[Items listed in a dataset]
BEGIN
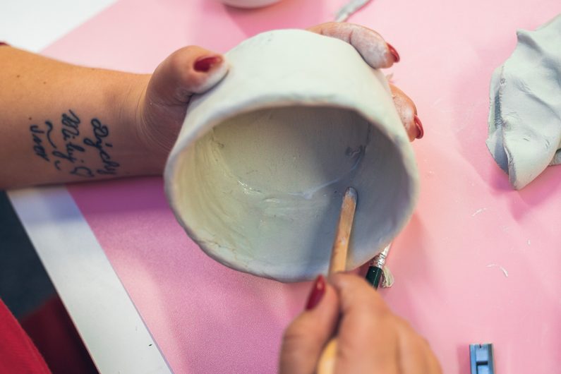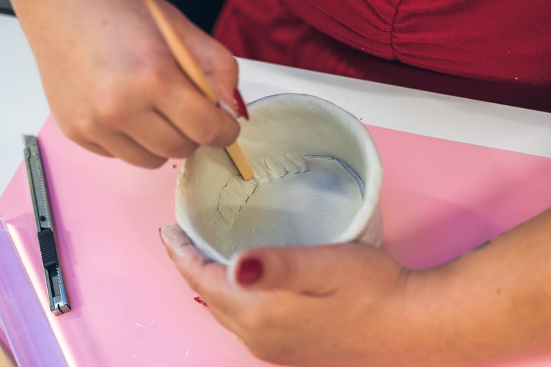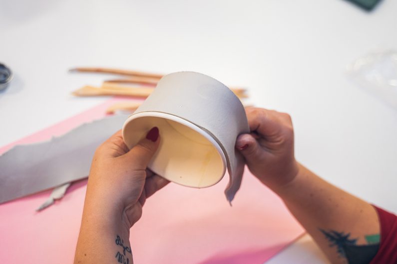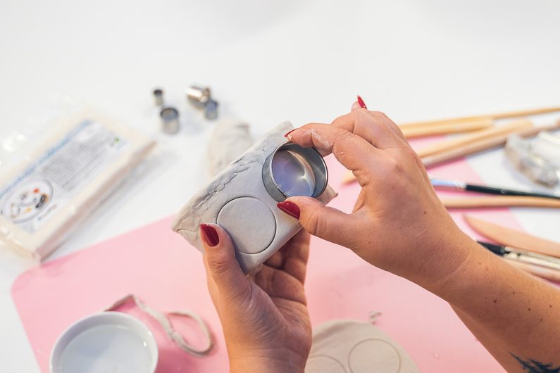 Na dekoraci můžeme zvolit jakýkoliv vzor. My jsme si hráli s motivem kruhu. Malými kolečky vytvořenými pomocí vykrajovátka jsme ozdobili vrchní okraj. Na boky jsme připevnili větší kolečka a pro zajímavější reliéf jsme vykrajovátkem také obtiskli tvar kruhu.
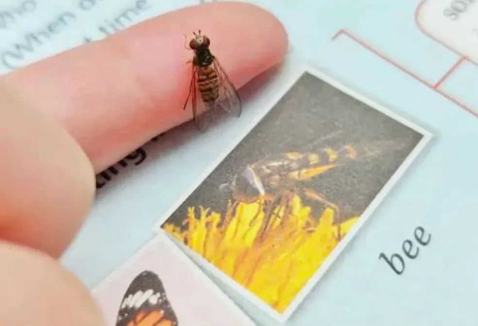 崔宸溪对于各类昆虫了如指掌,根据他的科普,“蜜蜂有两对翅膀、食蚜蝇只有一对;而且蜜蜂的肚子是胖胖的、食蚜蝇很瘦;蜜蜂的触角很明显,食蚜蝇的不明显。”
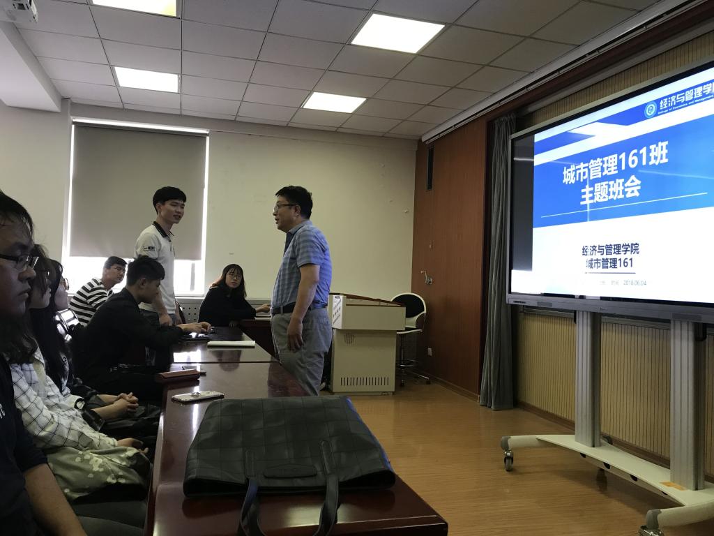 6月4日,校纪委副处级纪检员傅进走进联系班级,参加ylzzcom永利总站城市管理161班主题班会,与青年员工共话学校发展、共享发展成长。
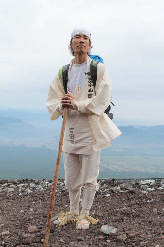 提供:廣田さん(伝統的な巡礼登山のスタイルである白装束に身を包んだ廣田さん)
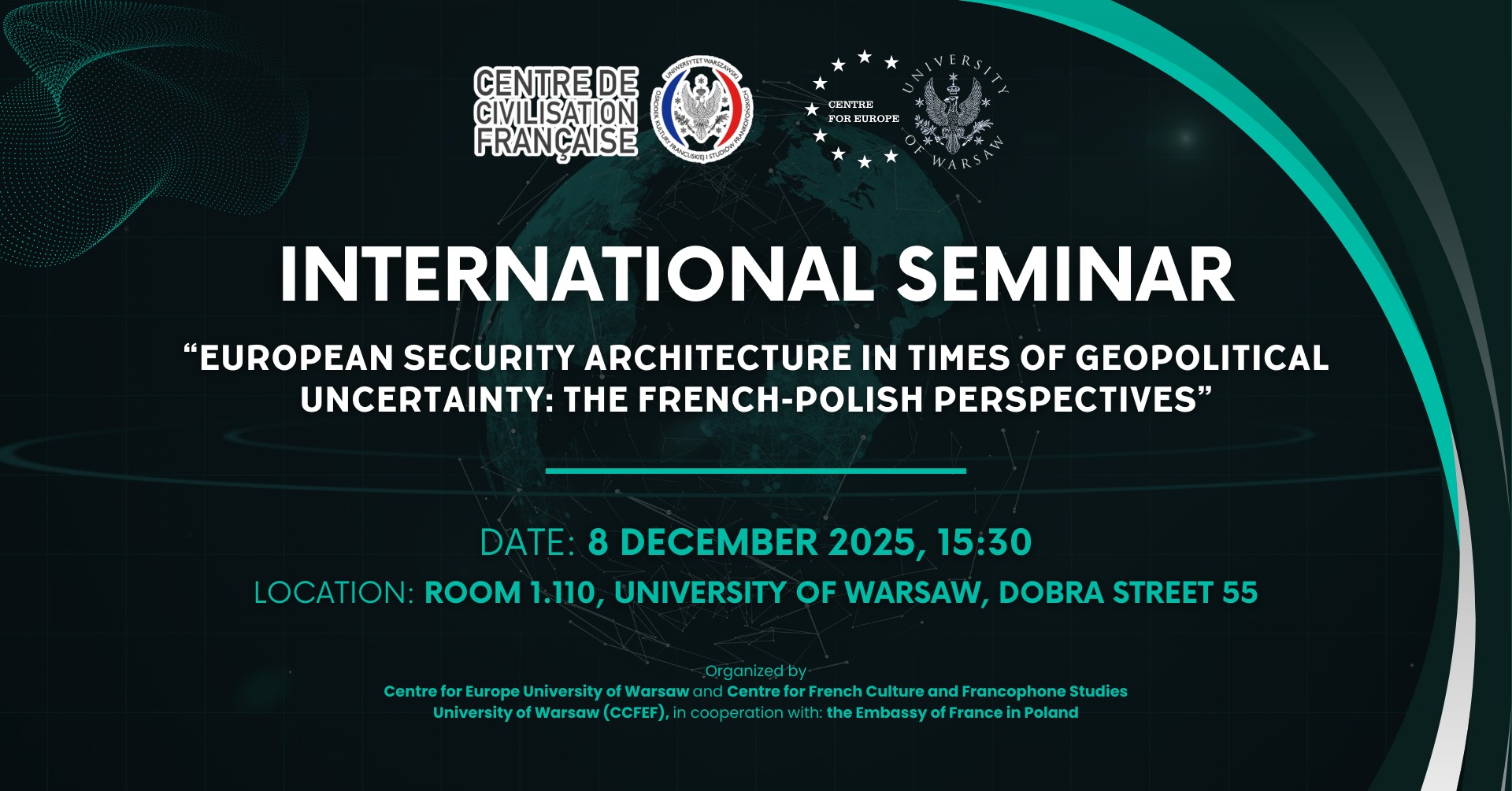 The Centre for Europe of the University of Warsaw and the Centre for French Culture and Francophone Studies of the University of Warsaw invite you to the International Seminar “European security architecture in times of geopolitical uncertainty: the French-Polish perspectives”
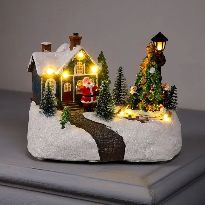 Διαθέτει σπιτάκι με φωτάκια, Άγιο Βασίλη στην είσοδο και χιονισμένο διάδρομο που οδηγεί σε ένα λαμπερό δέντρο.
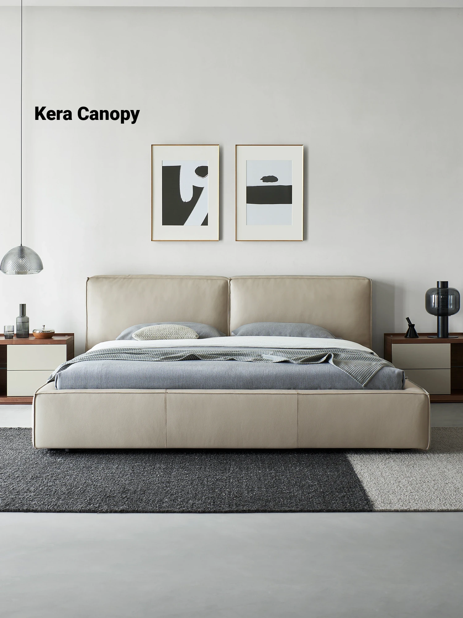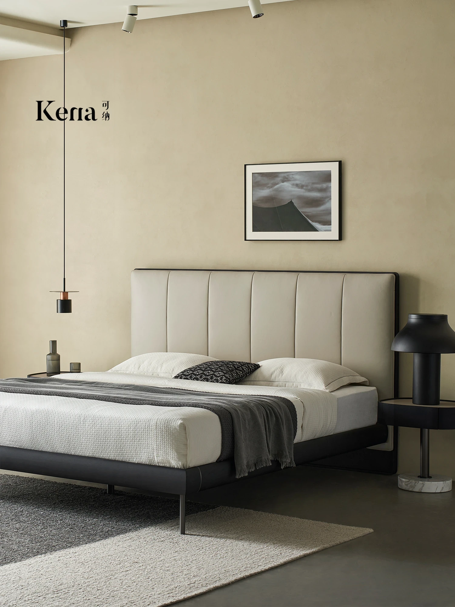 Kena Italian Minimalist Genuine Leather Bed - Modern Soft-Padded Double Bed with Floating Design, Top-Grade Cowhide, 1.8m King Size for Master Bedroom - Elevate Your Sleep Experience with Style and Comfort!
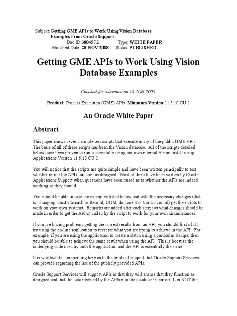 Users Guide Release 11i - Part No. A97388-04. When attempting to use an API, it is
END
* **About this exercise**:
Omit all pictures and write out, exactly, only the lines from the line containing "崔宸溪对于各类昆虫了如指掌,根据他的科普" through the last line of the entries above.

* **Task solution**:
 崔宸溪对于各类昆虫了如指掌,根据他的科普,“蜜蜂有两对翅膀、食蚜蝇只有一对;而且蜜蜂的肚子是胖胖的、食蚜蝇很瘦;蜜蜂的触角很明显,食蚜蝇的不明显。”
 6月4日,校纪委副处级纪检员傅进走进联系班级,参加ylzzcom永利总站城市管理161班主题班会,与青年员工共话学校发展、共享发展成长。
 提供:廣田さん(伝統的な巡礼登山のスタイルである白装束に身を包んだ廣田さん)
 The Centre for Europe of the University of Warsaw and the Centre for French Culture and Francophone Studies of the University of Warsaw invite you to the International Seminar “European security architecture in times of geopolitical uncertainty: the French-Polish perspectives”
 Διαθέτει σπιτάκι με φωτάκια, Άγιο Βασίλη στην είσοδο και χιονισμένο διάδρομο που οδηγεί σε ένα λαμπερό δέντρο.
 Kena Italian Minimalist Genuine Leather Bed - Modern Soft-Padded Double Bed with Floating Design, Top-Grade Cowhide, 1.8m King Size for Master Bedroom - Elevate Your Sleep Experience with Style and Comfort!
 Users Guide Release 11i - Part No. A97388-04. When attempting to use an API, it is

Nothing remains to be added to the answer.